WHAT YOU HAVE TO DO: Your copy should begin at the line containing "В дни, когда" and end at the last line of the records below, matching each line exactly and leaving out pictures.

[[ SOURCE DATA, beginning ]]

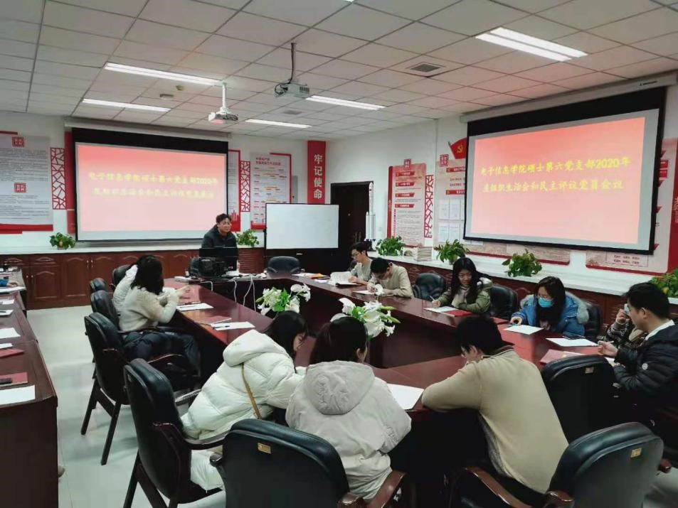 硕士第六党支部在432会议室召开了2020年度组织生活和民主评议党员生活会。全体支委、党员参加,会议由支部书记高路强主持
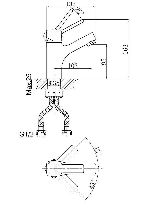 - Гибкая подводка 40 см идёт в комплекте для быстрой установки.
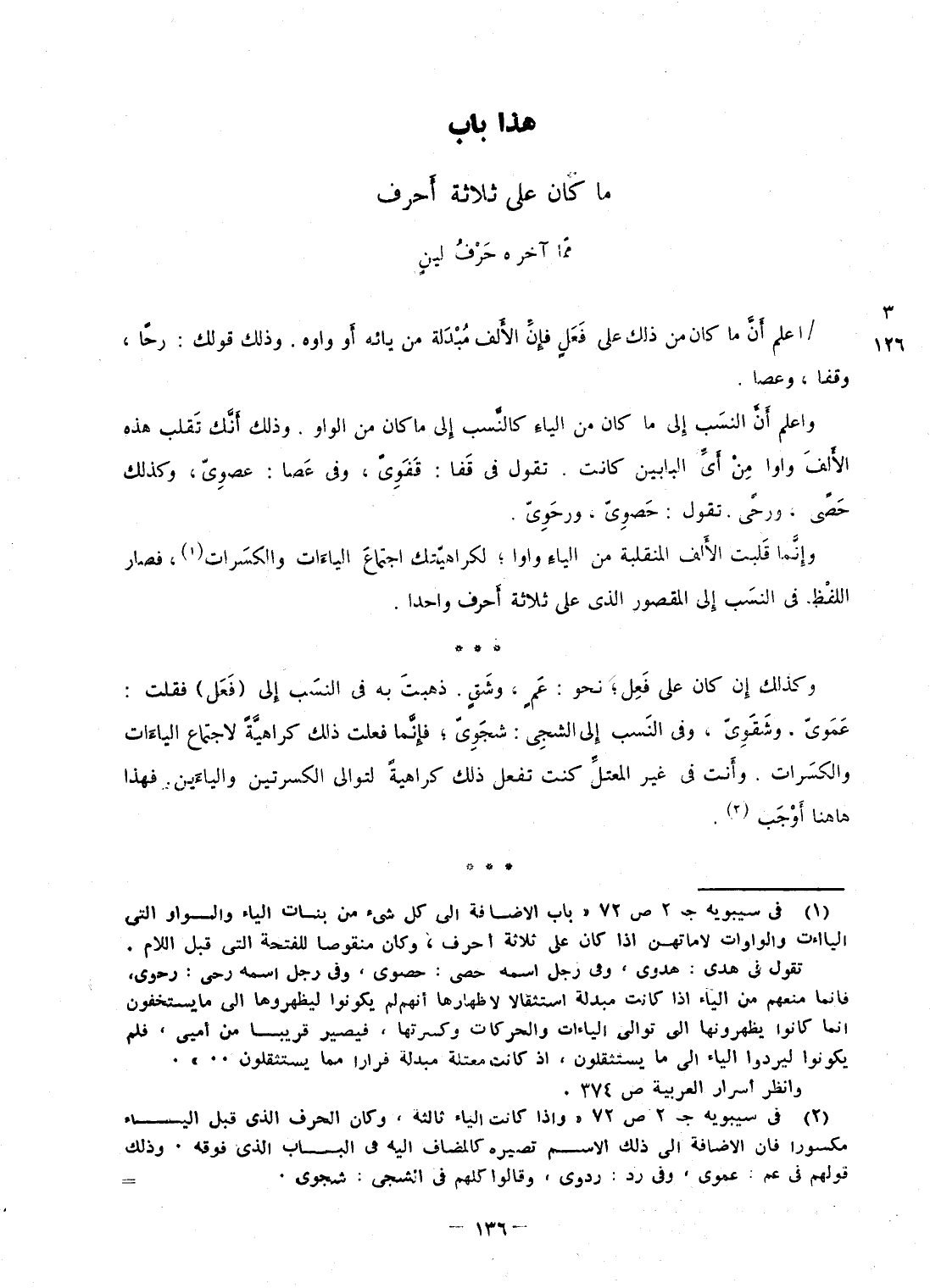 اعْلَم أَن مَا كَانَ من ذَلِك على فعل فَإِن الْألف مبدلة من يائه أَو واوه وَذَلِكَ قَوْلك: رَحا، وَقفا، وعصا: أعلم أَن النّسَب إلة مَا كَانَ من الْيَاء كالنسب إِلَى مَا كَانَ من الْوَاو وَذَلِكَ أَنَّك تقلب هَذِه الْألف واوا من أَي الباببين كَانَت تَقول فِي قفا قفوى وَفِي عَصا عصوى، وَكَذَلِكَ حَصى، ورحى تَقول: حصوى، ورحوى وَإِنَّمَا قلبت الْألف المنقلبة من الْيَاء واوا؛ لكراهيتك اجْتِمَاع الياءات والكسرات، فَصَارَ اللَّفْظ فى النّسَب إِلَى الْمَقْصُور الذى على ثَلَاثَة أحرف وَاحِدًا وَكَذَلِكَ إِن كَانَ على فعل؛ نَحْو: عَم، وشق ذهبت بِهِ فى النّسَب إِلَى (فعل) فَقلت: عموى، وشقوى، وفى النّسَب إِلَى الشجى: شجوى؛ فَإِنَّمَا فعلت ذَلِك كَرَاهِيَة لِاجْتِمَاع الياءات والكسرات وَأَنت فى غير المعتل كنت تفعل ذَلِك كَرَاهِيَة لتوالى الكسرتين والياءين فَهَذَا هَاهُنَا أوجب
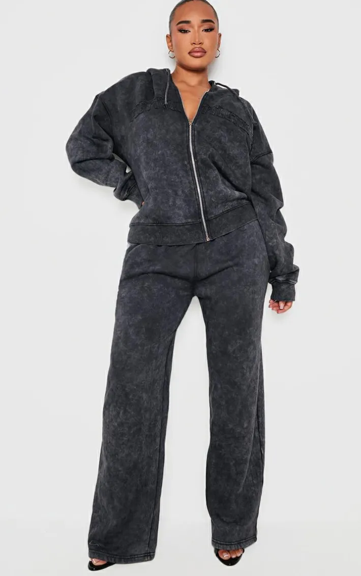 Stay cosy this season in these shape black washed wide leg sweatpants. Brought to you in a black hue sweat material with a washed design and wide leg fit, these sweatpants are all the new you need. For an elevated look, team with the matching zip through hoodie, heels and gold accessories.
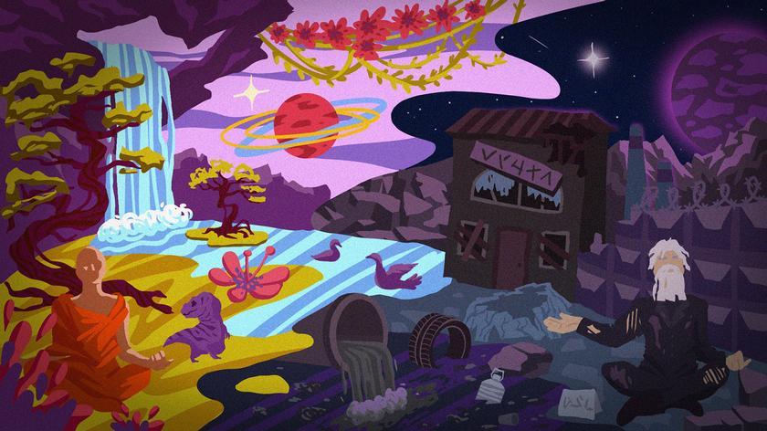 В дни, когда жидкость удавалось купить, настроение у бродяг сильно поднималось уже на стадии предвкушения: они собирались в кружок, разливали в железные кружки напиток, шутили и хрипло смеялись. После выпивали, меняли цвет с синего на зелёный и обратно, закуривали самокрутки с навозом Центромидона – местной модификации земной крысы, – и лица их расплывались в блаженстве.
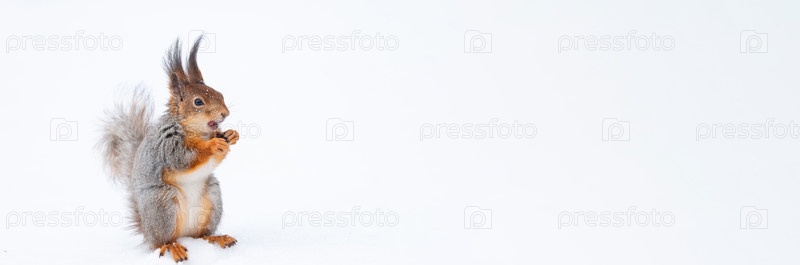 Рыжая белка сидит на ветке дерева в зимнем лесу и грызет семена на фоне заснеженных деревьев
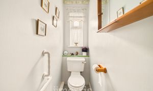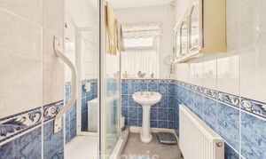 With fitted walls, radiator, shower cubicle and wash basin. Separate WC with radiator.
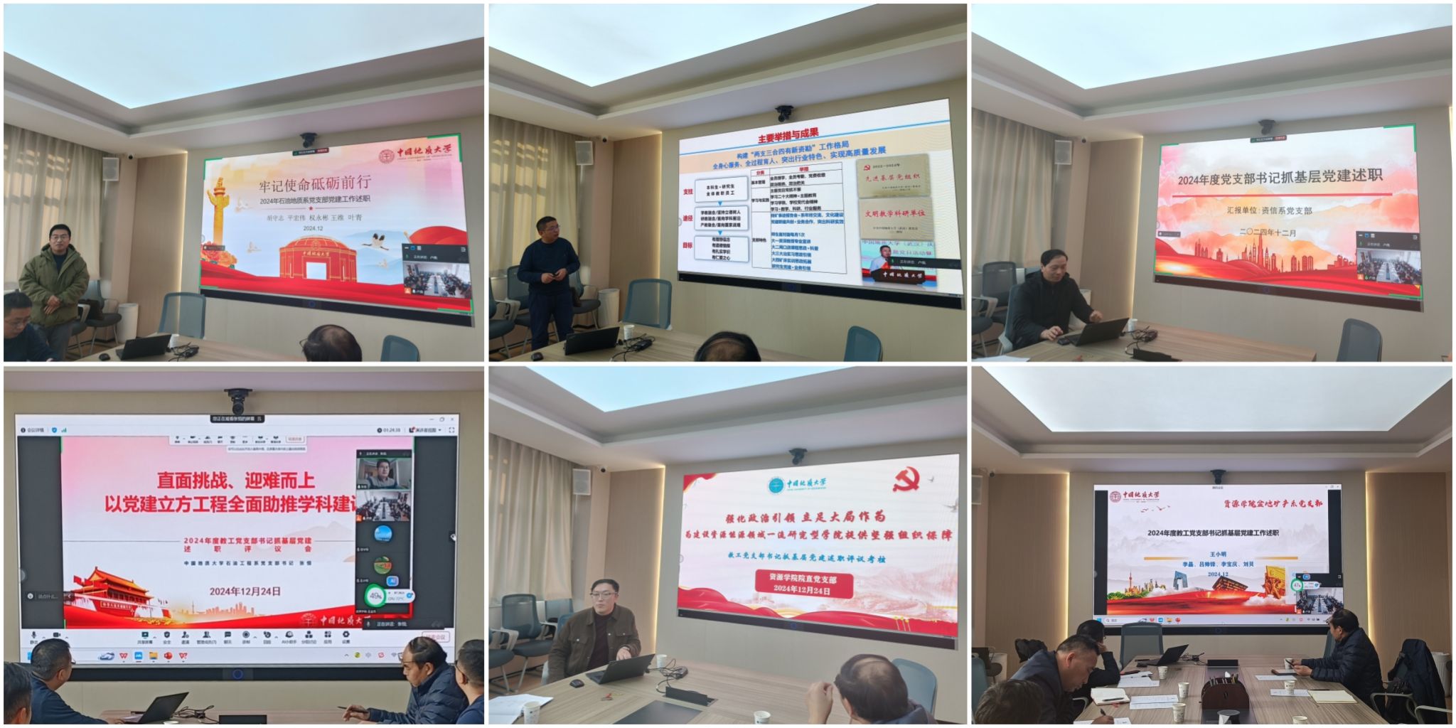 会议强调,召开2024年度教工党支部书记抓党建工作述职评议会,既是对各党支部一年来工作的全面盘点梳理,也是一次学习交流,更是对党支部书记党建工作意识和第一责任人意识的督促提升。通过述职评议相互学习和交流,共同查问题、找差距、明方向,有利于推动学院党建工作提质增效,促进党建与业务融合发展。各党支部要深入学习全国高校党建工作会议精神,抓学习、讲奉献、重谋划、促发展,团结带领师生深入推进“时代新人铸魂工程”,着力加强高层次人才培育和作用发挥,引领青年教师成长,激活教师团队,推进学科交叉融合,聚焦国家能源资源发展战略大力推进有组织的科研,实现重大项目、标志性成果新突破,为建设资源能源领域一流研究型学院,圆满完成学校“十四五”建设目标作出应有的贡献。

[[ SOURCE DATA, end ]]

RESULT FOR THIS TASK:
 В дни, когда жидкость удавалось купить, настроение у бродяг сильно поднималось уже на стадии предвкушения: они собирались в кружок, разливали в железные кружки напиток, шутили и хрипло смеялись. После выпивали, меняли цвет с синего на зелёный и обратно, закуривали самокрутки с навозом Центромидона – местной модификации земной крысы, – и лица их расплывались в блаженстве.
 Рыжая белка сидит на ветке дерева в зимнем лесу и грызет семена на фоне заснеженных деревьев
 With fitted walls, radiator, shower cubicle and wash basin. Separate WC with radiator.
 会议强调,召开2024年度教工党支部书记抓党建工作述职评议会,既是对各党支部一年来工作的全面盘点梳理,也是一次学习交流,更是对党支部书记党建工作意识和第一责任人意识的督促提升。通过述职评议相互学习和交流,共同查问题、找差距、明方向,有利于推动学院党建工作提质增效,促进党建与业务融合发展。各党支部要深入学习全国高校党建工作会议精神,抓学习、讲奉献、重谋划、促发展,团结带领师生深入推进“时代新人铸魂工程”,着力加强高层次人才培育和作用发挥,引领青年教师成长,激活教师团队,推进学科交叉融合,聚焦国家能源资源发展战略大力推进有组织的科研,实现重大项目、标志性成果新突破,为建设资源能源领域一流研究型学院,圆满完成学校“十四五”建设目标作出应有的贡献。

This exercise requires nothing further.